Records shown below:

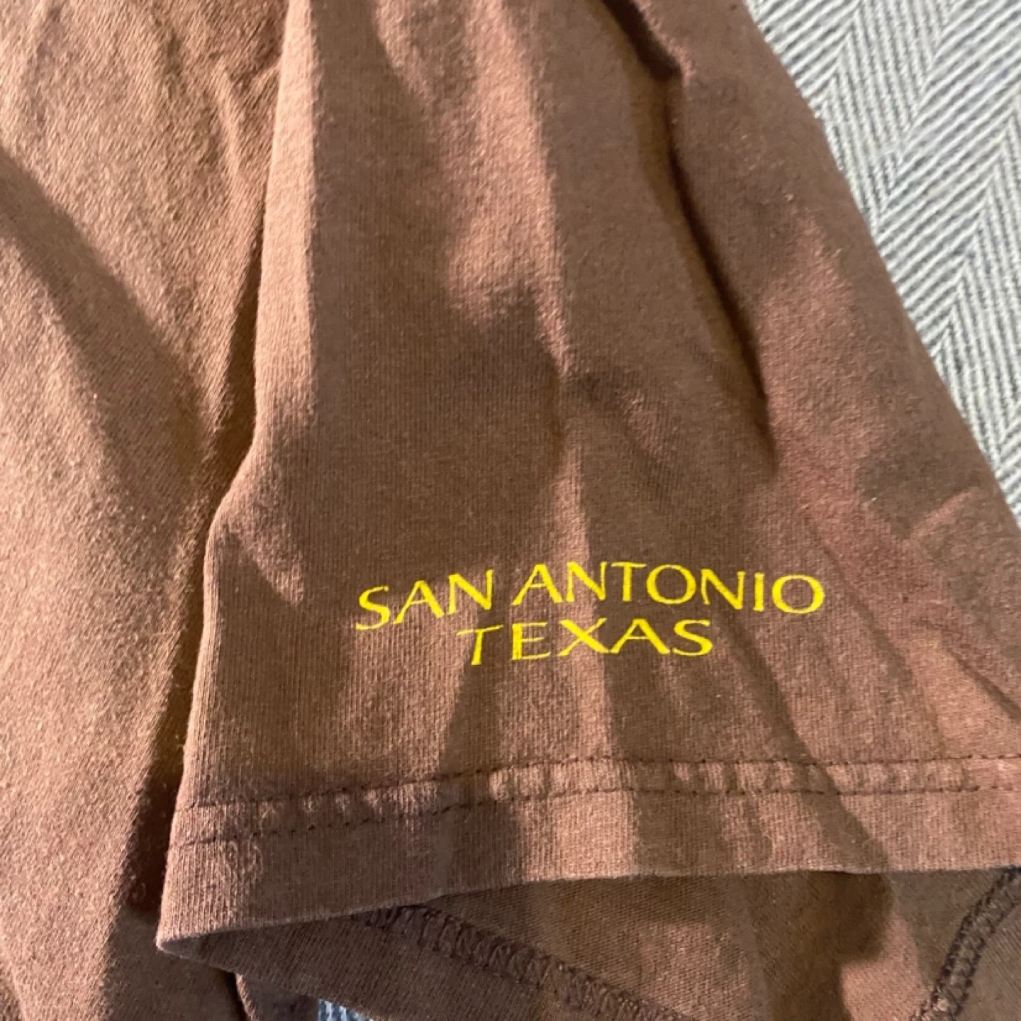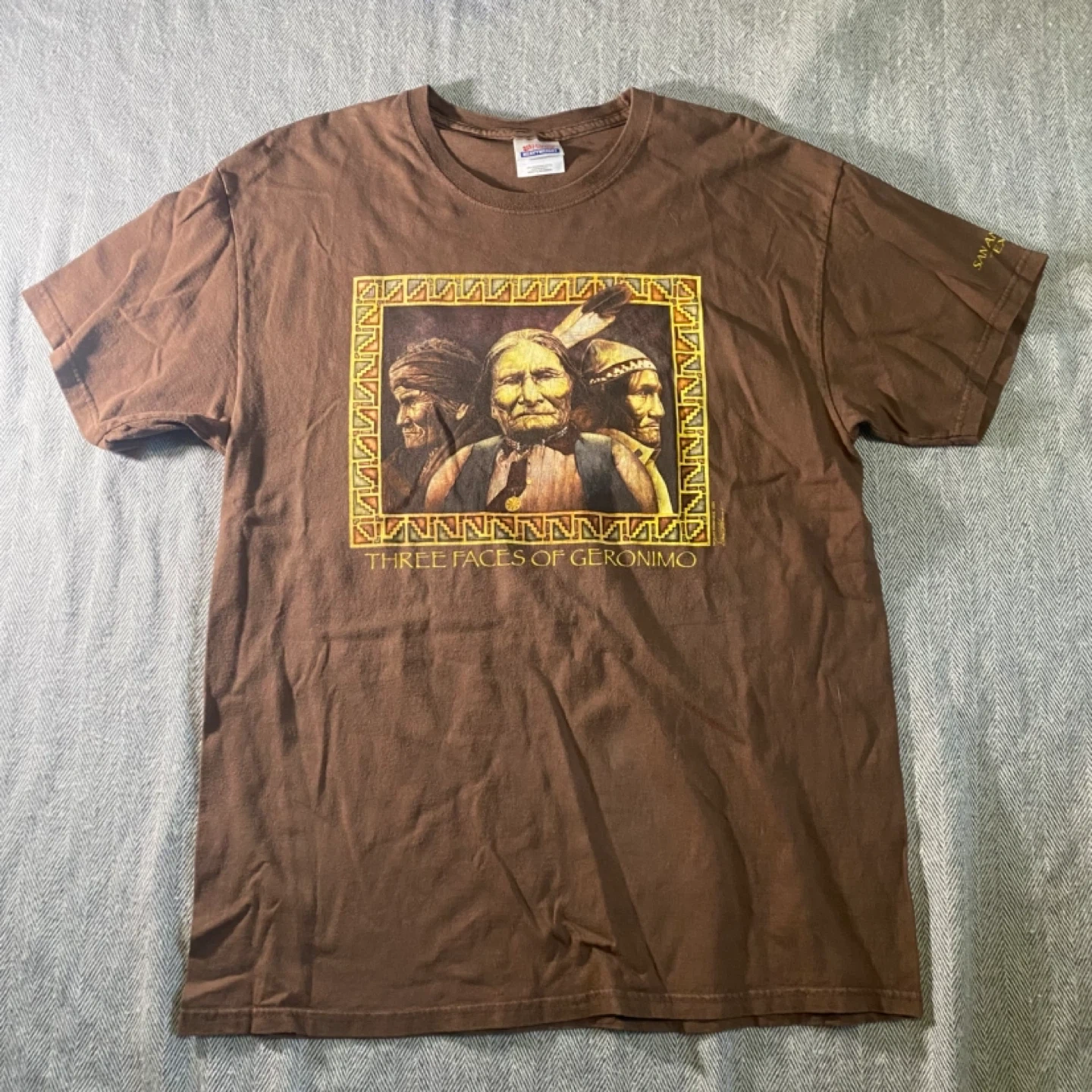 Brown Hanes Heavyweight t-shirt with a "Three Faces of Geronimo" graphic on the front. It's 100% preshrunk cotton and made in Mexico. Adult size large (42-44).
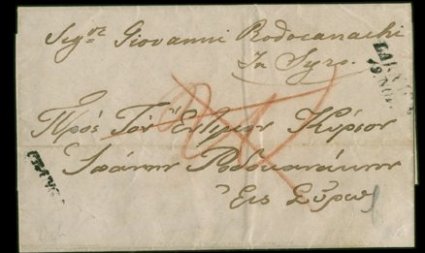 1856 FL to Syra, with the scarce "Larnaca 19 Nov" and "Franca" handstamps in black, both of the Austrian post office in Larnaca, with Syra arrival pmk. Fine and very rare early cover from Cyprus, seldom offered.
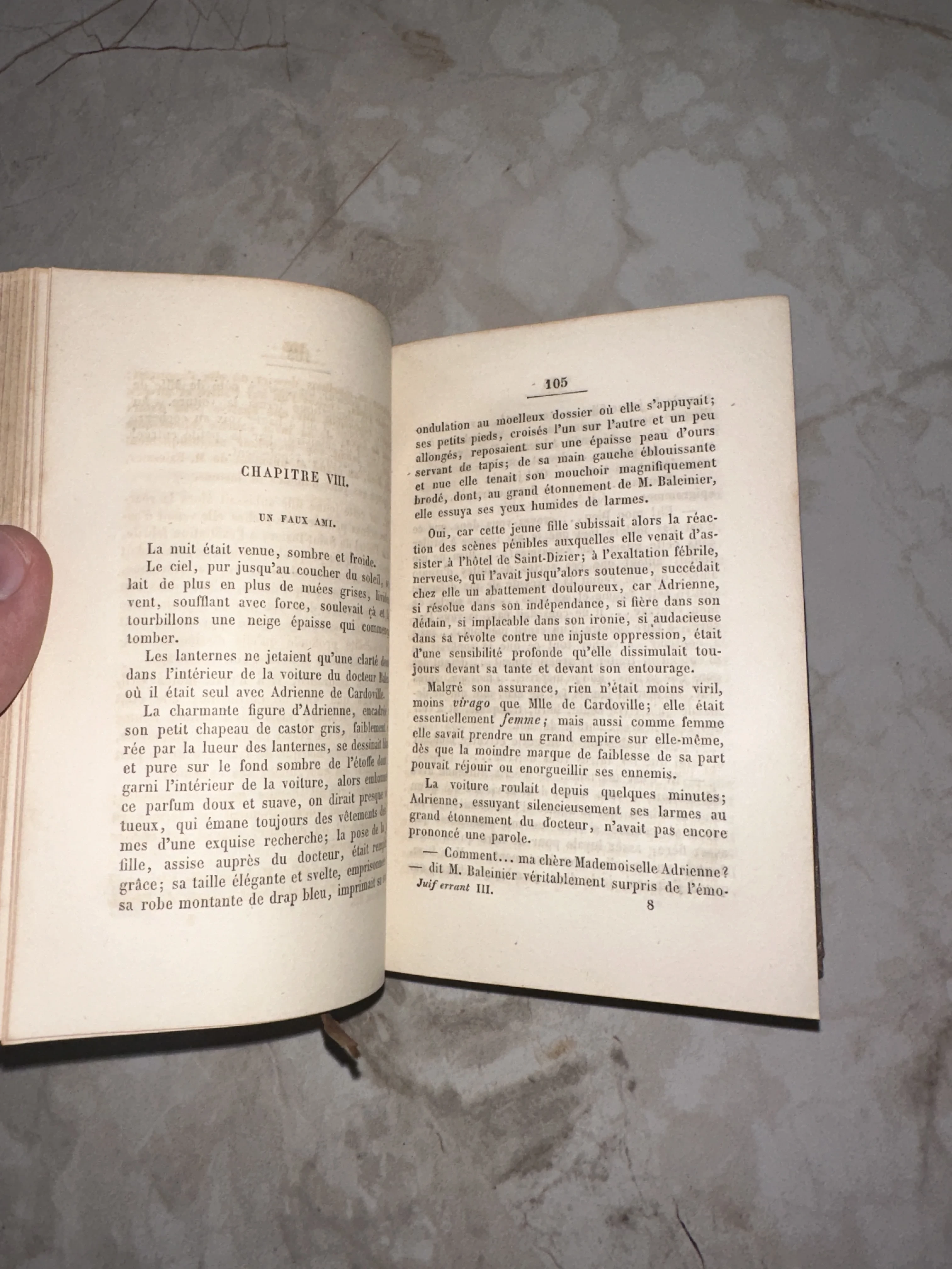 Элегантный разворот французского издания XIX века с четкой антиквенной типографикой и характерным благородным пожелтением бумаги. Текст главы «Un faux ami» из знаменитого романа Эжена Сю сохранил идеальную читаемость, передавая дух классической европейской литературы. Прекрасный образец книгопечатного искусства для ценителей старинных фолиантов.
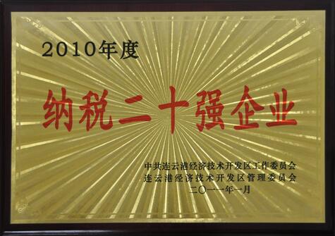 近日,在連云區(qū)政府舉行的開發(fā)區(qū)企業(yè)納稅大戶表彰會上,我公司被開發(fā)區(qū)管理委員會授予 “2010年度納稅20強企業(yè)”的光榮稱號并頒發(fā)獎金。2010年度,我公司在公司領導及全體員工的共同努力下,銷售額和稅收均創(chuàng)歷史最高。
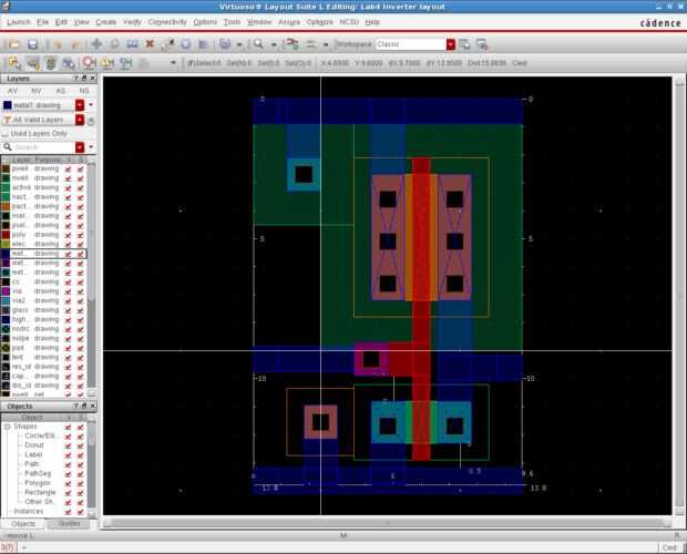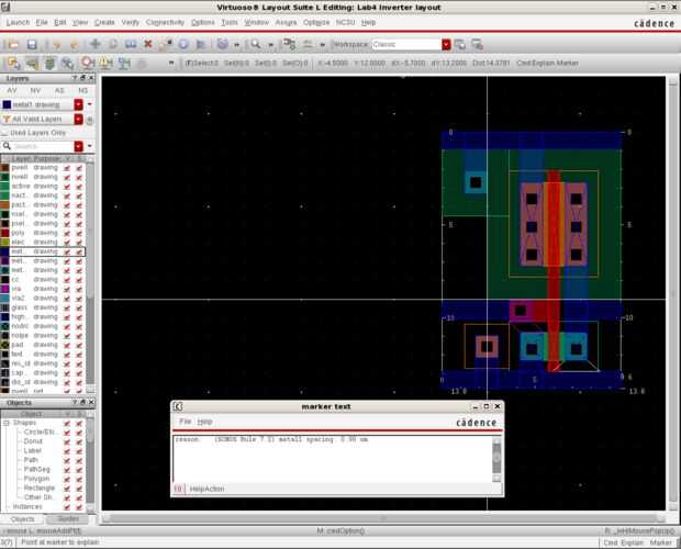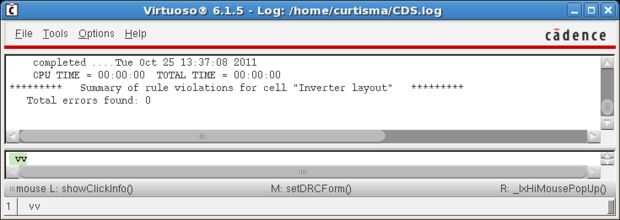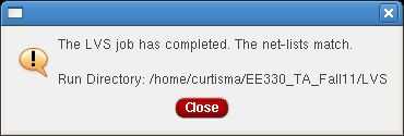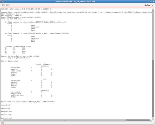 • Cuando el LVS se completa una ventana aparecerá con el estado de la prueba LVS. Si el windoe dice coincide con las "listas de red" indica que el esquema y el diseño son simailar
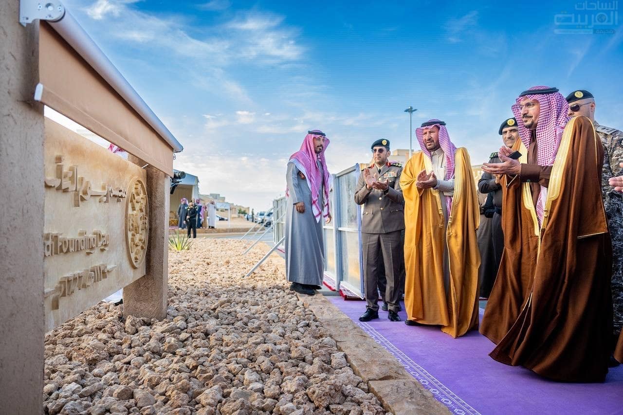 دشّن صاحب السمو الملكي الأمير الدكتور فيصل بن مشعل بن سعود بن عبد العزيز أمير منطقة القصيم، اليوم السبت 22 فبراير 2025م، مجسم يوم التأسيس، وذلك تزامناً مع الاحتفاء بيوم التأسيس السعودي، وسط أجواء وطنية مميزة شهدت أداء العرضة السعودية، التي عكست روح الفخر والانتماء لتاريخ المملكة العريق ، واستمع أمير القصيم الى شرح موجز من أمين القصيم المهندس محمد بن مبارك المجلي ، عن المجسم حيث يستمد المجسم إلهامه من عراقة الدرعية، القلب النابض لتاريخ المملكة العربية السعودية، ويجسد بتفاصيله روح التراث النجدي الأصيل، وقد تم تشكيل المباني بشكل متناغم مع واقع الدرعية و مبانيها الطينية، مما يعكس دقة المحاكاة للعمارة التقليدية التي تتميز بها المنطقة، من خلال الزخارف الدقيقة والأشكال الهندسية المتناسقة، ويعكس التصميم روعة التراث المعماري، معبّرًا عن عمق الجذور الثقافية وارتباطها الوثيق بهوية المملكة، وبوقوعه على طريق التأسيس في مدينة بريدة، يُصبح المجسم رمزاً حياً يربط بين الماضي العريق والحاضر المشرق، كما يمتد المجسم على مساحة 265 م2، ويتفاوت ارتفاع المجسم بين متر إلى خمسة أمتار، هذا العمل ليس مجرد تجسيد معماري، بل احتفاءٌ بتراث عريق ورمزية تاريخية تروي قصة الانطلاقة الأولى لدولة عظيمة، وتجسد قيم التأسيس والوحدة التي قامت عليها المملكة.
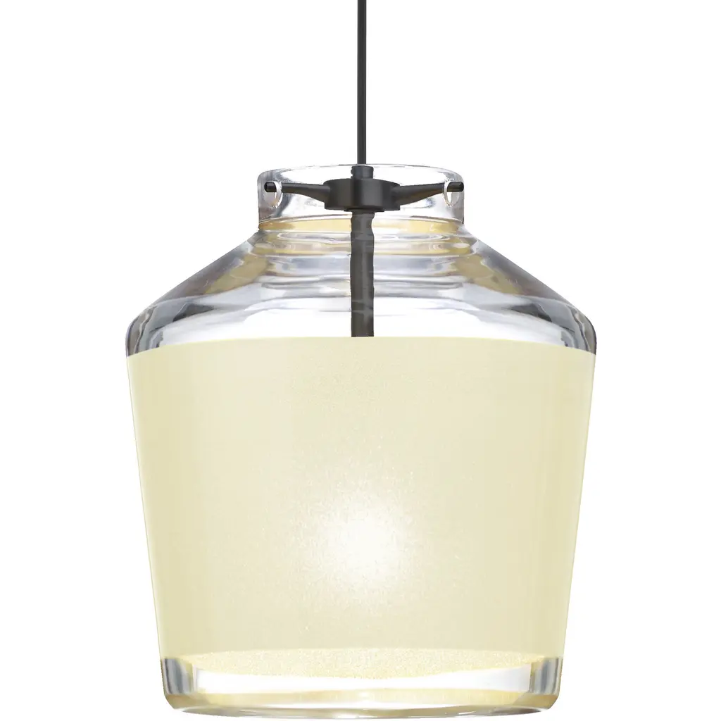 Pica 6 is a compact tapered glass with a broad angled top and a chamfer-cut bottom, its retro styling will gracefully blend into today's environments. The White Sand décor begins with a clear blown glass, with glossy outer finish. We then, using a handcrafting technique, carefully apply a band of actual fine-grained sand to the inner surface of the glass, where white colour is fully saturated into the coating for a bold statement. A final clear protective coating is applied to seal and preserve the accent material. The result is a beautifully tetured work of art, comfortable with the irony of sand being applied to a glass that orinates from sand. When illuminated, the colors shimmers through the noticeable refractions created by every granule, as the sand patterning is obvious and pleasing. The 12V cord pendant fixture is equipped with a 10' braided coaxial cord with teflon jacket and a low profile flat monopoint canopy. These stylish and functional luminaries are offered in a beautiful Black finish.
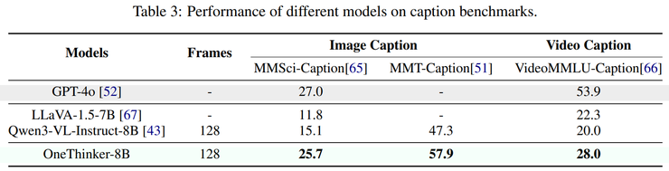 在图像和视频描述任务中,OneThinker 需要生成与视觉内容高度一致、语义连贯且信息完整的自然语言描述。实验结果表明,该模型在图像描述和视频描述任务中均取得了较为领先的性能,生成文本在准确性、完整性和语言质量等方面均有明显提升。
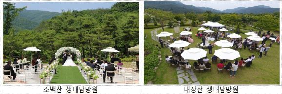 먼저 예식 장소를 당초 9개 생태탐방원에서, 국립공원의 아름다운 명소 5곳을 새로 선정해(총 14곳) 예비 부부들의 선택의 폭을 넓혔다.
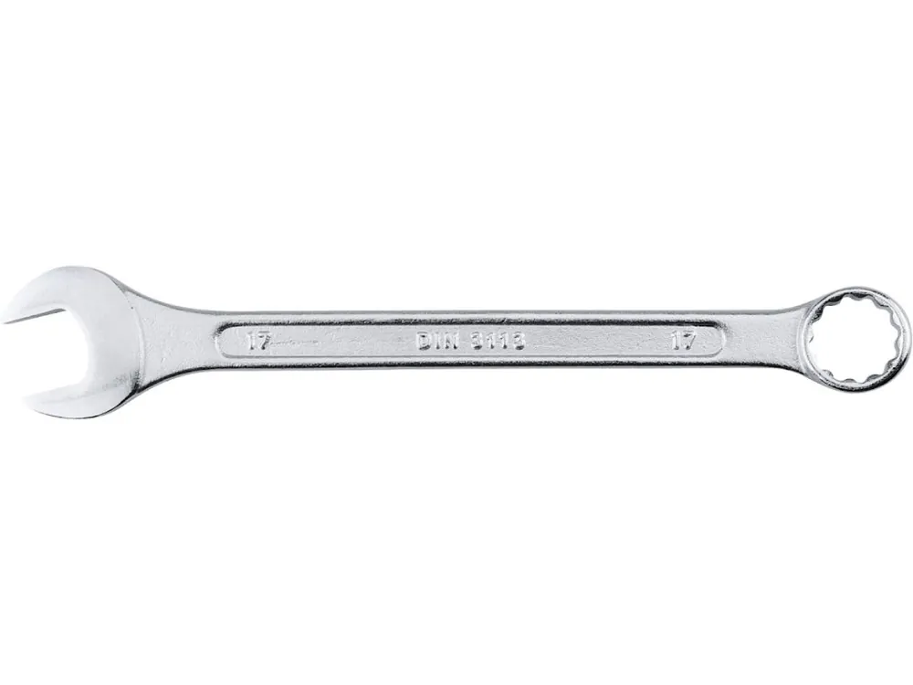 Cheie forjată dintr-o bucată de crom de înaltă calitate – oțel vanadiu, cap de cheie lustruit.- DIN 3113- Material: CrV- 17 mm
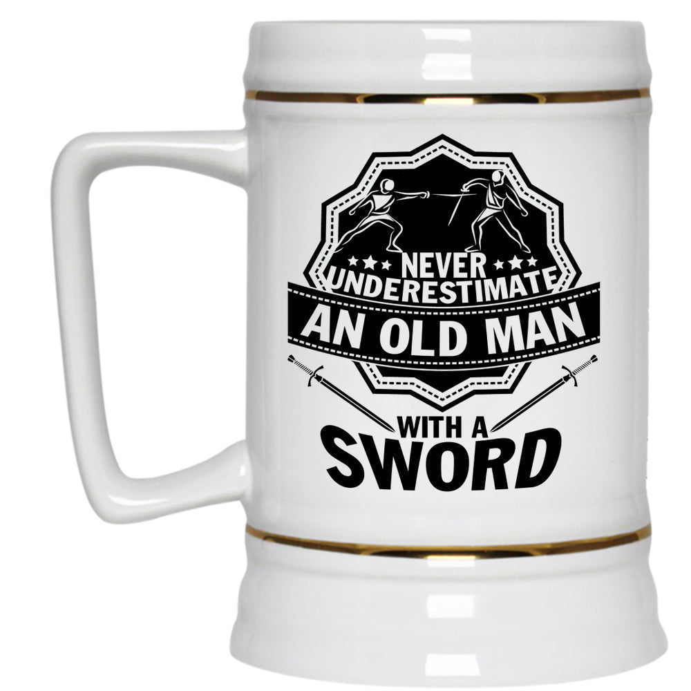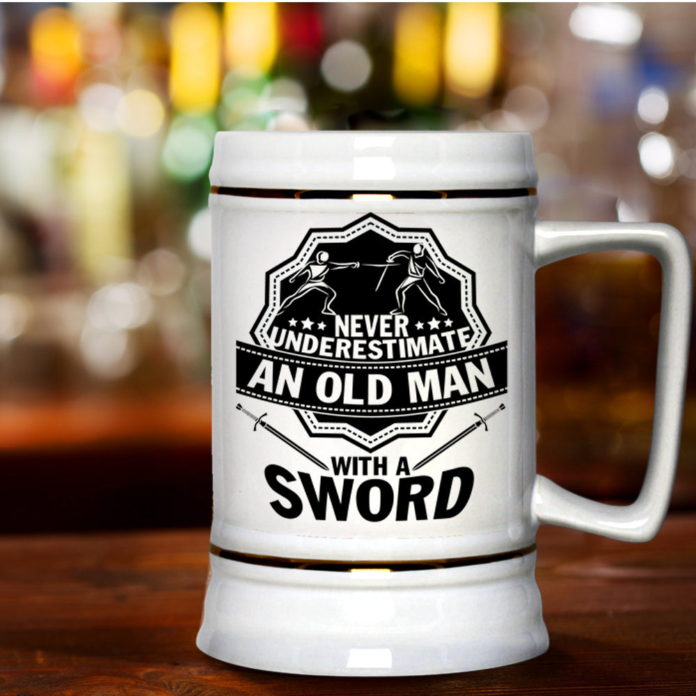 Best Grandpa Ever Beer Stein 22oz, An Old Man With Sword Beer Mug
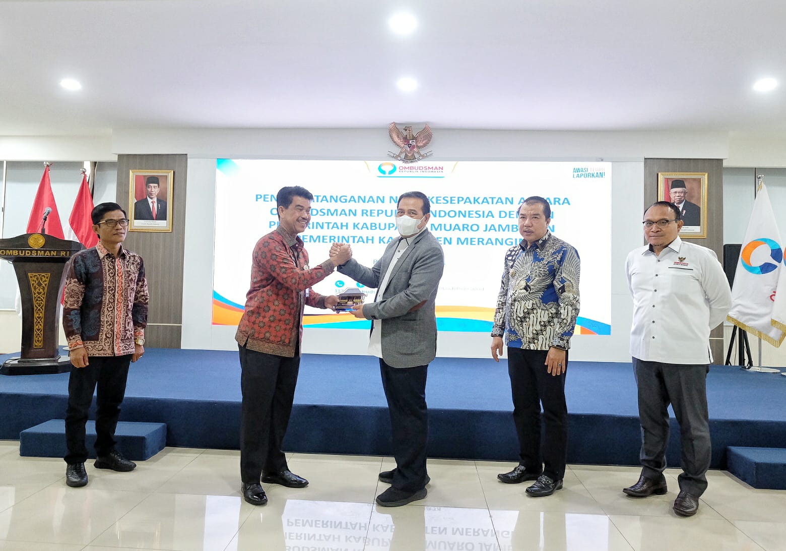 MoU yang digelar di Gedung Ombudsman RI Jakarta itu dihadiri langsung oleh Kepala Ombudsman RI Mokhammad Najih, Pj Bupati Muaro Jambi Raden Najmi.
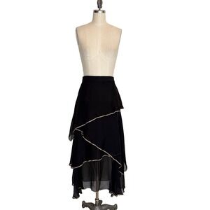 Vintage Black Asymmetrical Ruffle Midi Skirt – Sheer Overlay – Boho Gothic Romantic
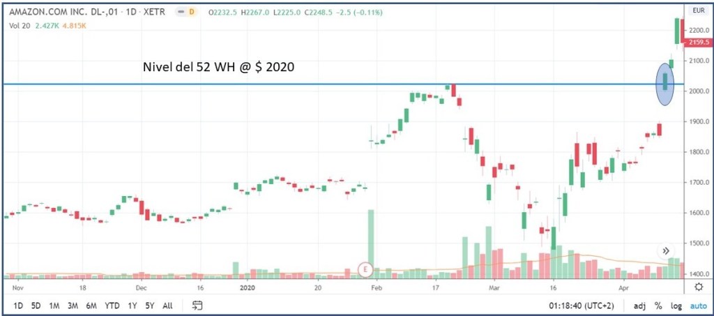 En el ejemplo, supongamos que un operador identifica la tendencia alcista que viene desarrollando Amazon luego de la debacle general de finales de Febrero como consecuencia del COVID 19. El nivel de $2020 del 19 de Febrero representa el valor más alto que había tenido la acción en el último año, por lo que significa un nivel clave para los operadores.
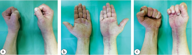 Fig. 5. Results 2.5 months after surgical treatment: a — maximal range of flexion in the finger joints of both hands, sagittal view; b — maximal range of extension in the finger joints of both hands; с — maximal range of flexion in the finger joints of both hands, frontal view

End of Records shown.

▸ Problem description:
Above are some entries; copy exactly the lines from the line with "Элегантный разворот французского" through the line with "دشّن صاحب السمو", both included, but none of the pictures.

▸ Task response:
 Элегантный разворот французского издания XIX века с четкой антиквенной типографикой и характерным благородным пожелтением бумаги. Текст главы «Un faux ami» из знаменитого романа Эжена Сю сохранил идеальную читаемость, передавая дух классической европейской литературы. Прекрасный образец книгопечатного искусства для ценителей старинных фолиантов.
 近日,在連云區(qū)政府舉行的開發(fā)區(qū)企業(yè)納稅大戶表彰會上,我公司被開發(fā)區(qū)管理委員會授予 “2010年度納稅20強企業(yè)”的光榮稱號并頒發(fā)獎金。2010年度,我公司在公司領導及全體員工的共同努力下,銷售額和稅收均創(chuàng)歷史最高。
 • Cuando el LVS se completa una ventana aparecerá con el estado de la prueba LVS. Si el windoe dice coincide con las "listas de red" indica que el esquema y el diseño son simailar
 دشّن صاحب السمو الملكي الأمير الدكتور فيصل بن مشعل بن سعود بن عبد العزيز أمير منطقة القصيم، اليوم السبت 22 فبراير 2025م، مجسم يوم التأسيس، وذلك تزامناً مع الاحتفاء بيوم التأسيس السعودي، وسط أجواء وطنية مميزة شهدت أداء العرضة السعودية، التي عكست روح الفخر والانتماء لتاريخ المملكة العريق ، واستمع أمير القصيم الى شرح موجز من أمين القصيم المهندس محمد بن مبارك المجلي ، عن المجسم حيث يستمد المجسم إلهامه من عراقة الدرعية، القلب النابض لتاريخ المملكة العربية السعودية، ويجسد بتفاصيله روح التراث النجدي الأصيل، وقد تم تشكيل المباني بشكل متناغم مع واقع الدرعية و مبانيها الطينية، مما يعكس دقة المحاكاة للعمارة التقليدية التي تتميز بها المنطقة، من خلال الزخارف الدقيقة والأشكال الهندسية المتناسقة، ويعكس التصميم روعة التراث المعماري، معبّرًا عن عمق الجذور الثقافية وارتباطها الوثيق بهوية المملكة، وبوقوعه على طريق التأسيس في مدينة بريدة، يُصبح المجسم رمزاً حياً يربط بين الماضي العريق والحاضر المشرق، كما يمتد المجسم على مساحة 265 م2، ويتفاوت ارتفاع المجسم بين متر إلى خمسة أمتار، هذا العمل ليس مجرد تجسيد معماري، بل احتفاءٌ بتراث عريق ورمزية تاريخية تروي قصة الانطلاقة الأولى لدولة عظيمة، وتجسد قيم التأسيس والوحدة التي قامت عليها المملكة.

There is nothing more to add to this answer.